**WHAT IS EXPECTED**
Nothing but the pictures should go missing; return all the entries below exactly.

**SOURCE DATA**
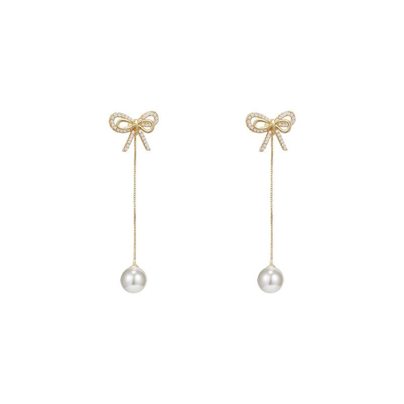 マイクロ象眼細工の蝶結びイヤリング、パールタッセルイヤリング、ロングイヤリングEHEEHE
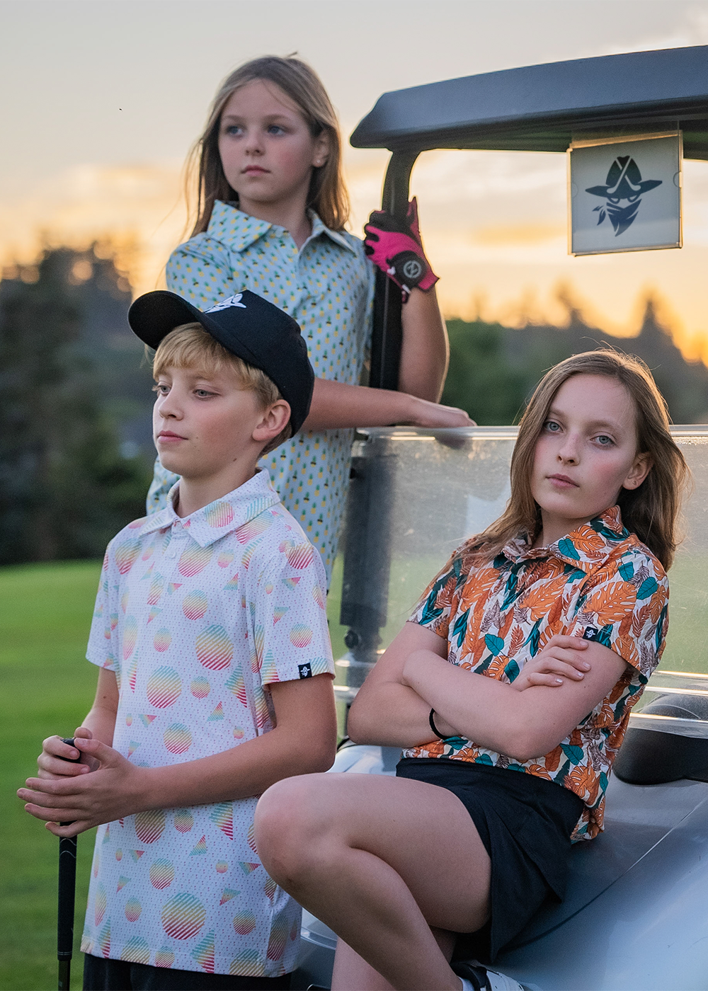 Golf Bandit creates bold, high-performance junior golf polos for boys and girls aged 7–14. Designed with input from real junior golfers, our youth golf apparel is built for comfort, movement, and style on the course. Every polo features SPF 50 sun protection, anti-odor technology, moisture-wicking fabric, wrinkle resistance, and 4-way stretch — everything young golfers need to play their best. Whether you're shopping for kids golf shirts, US Kids Golf alternatives, or fun youth golf apparel that stands out at tournaments, camps, or casual rounds, Golf Bandit delivers parent-approved gear for the next generation of the game.
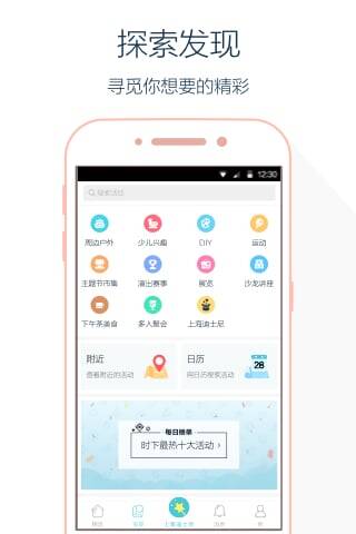 【探索发现】有详尽的分类,可就近参加活动,还有热门榜单,每一刻都能发现美好的生活。
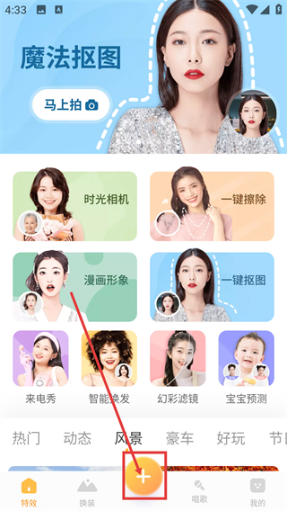 1、在奶酪相机主界面,点击底部【+】按钮,可进入特效选择页面,开启时光相机、一键擦除等功能体验。
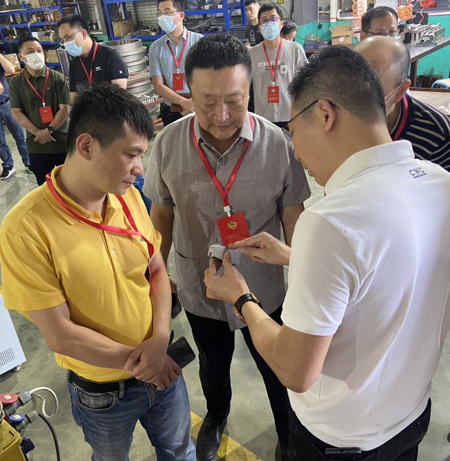 2023年6月15日石獅市政協領導朱賢、市政協部分常委、委員、市政協經濟資源辦公室工作人員等一行人蒞臨石獅市振富針紡機械有限公司就關於開展“智能製造產業發展”對口協商活動進行了視察,在公司負責人王偉明的陪同下,先後對生產車間、組裝、調試等現場進行視察。
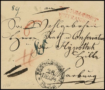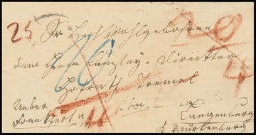 "Frankfurt", 1810/17, schwarzer bzw. roter K2, je nebst seltenem rotem L2 "RECOMMANDIRT VON FRANCFURT", auf zwei Chargébriefen nach Marburg bzw. Preßburg
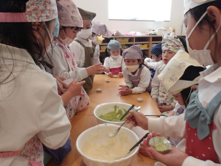 保育参加にきてくれた2名の保護者さまにも参加してもらい、ピンク・白・黄緑チームに分かれて生地作りをしました。
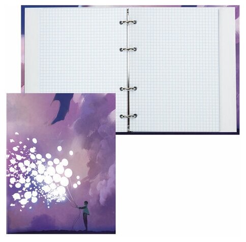 Блок состоит из 160 листов офсетной бумаги белого цвета плотностью 60 г/м2. Линовка - клетка. Жесткая книжная обложка выполнена из переплетного картона и покрыта глянцевой пленкой. Формат А5 является стандартным и обеспечивает комфортное ношение в рюкзаке/ранце или папке. Оборудована кольцевым механизмом с 4-мя кольцами для подшивки сменных блоков, что позволит носить на учебу/работу всего одну тетрадь с возможностью добавлять и менять листы.
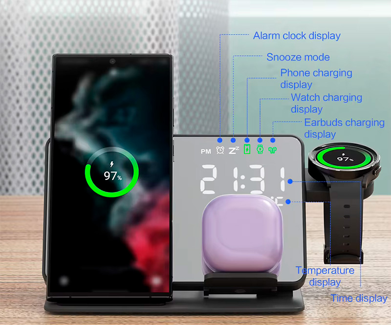 Любопытное беспроводное зарядное устройство "4 в 1" (ссылка для РФ): зарядка любых смартфонов с поддержкой беспроводной зарядки Qi, любых наушников с поддержкой Qi, и умных часов Samsung (только их, потому что у них своя зарядка). Также здесь есть часы с будильником и температурный датчик. Для меня прям идеальный вариант, заказал. Для айфонов и эпловских наушников тоже годится, только для Apple Watch не подойдет. Можно заказать в комплекте с зарядным адаптером.

**RESPONSE FOR THIS EXERCISE**
 マイクロ象眼細工の蝶結びイヤリング、パールタッセルイヤリング、ロングイヤリングEHEEHE
 Golf Bandit creates bold, high-performance junior golf polos for boys and girls aged 7–14. Designed with input from real junior golfers, our youth golf apparel is built for comfort, movement, and style on the course. Every polo features SPF 50 sun protection, anti-odor technology, moisture-wicking fabric, wrinkle resistance, and 4-way stretch — everything young golfers need to play their best. Whether you're shopping for kids golf shirts, US Kids Golf alternatives, or fun youth golf apparel that stands out at tournaments, camps, or casual rounds, Golf Bandit delivers parent-approved gear for the next generation of the game.
 【探索发现】有详尽的分类,可就近参加活动,还有热门榜单,每一刻都能发现美好的生活。
 1、在奶酪相机主界面,点击底部【+】按钮,可进入特效选择页面,开启时光相机、一键擦除等功能体验。
 2023年6月15日石獅市政協領導朱賢、市政協部分常委、委員、市政協經濟資源辦公室工作人員等一行人蒞臨石獅市振富針紡機械有限公司就關於開展“智能製造產業發展”對口協商活動進行了視察,在公司負責人王偉明的陪同下,先後對生產車間、組裝、調試等現場進行視察。
 "Frankfurt", 1810/17, schwarzer bzw. roter K2, je nebst seltenem rotem L2 "RECOMMANDIRT VON FRANCFURT", auf zwei Chargébriefen nach Marburg bzw. Preßburg
 保育参加にきてくれた2名の保護者さまにも参加してもらい、ピンク・白・黄緑チームに分かれて生地作りをしました。
 Блок состоит из 160 листов офсетной бумаги белого цвета плотностью 60 г/м2. Линовка - клетка. Жесткая книжная обложка выполнена из переплетного картона и покрыта глянцевой пленкой. Формат А5 является стандартным и обеспечивает комфортное ношение в рюкзаке/ранце или папке. Оборудована кольцевым механизмом с 4-мя кольцами для подшивки сменных блоков, что позволит носить на учебу/работу всего одну тетрадь с возможностью добавлять и менять листы.
 Любопытное беспроводное зарядное устройство "4 в 1" (ссылка для РФ): зарядка любых смартфонов с поддержкой беспроводной зарядки Qi, любых наушников с поддержкой Qi, и умных часов Samsung (только их, потому что у них своя зарядка). Также здесь есть часы с будильником и температурный датчик. Для меня прям идеальный вариант, заказал. Для айфонов и эпловских наушников тоже годится, только для Apple Watch не подойдет. Можно заказать в комплекте с зарядным адаптером.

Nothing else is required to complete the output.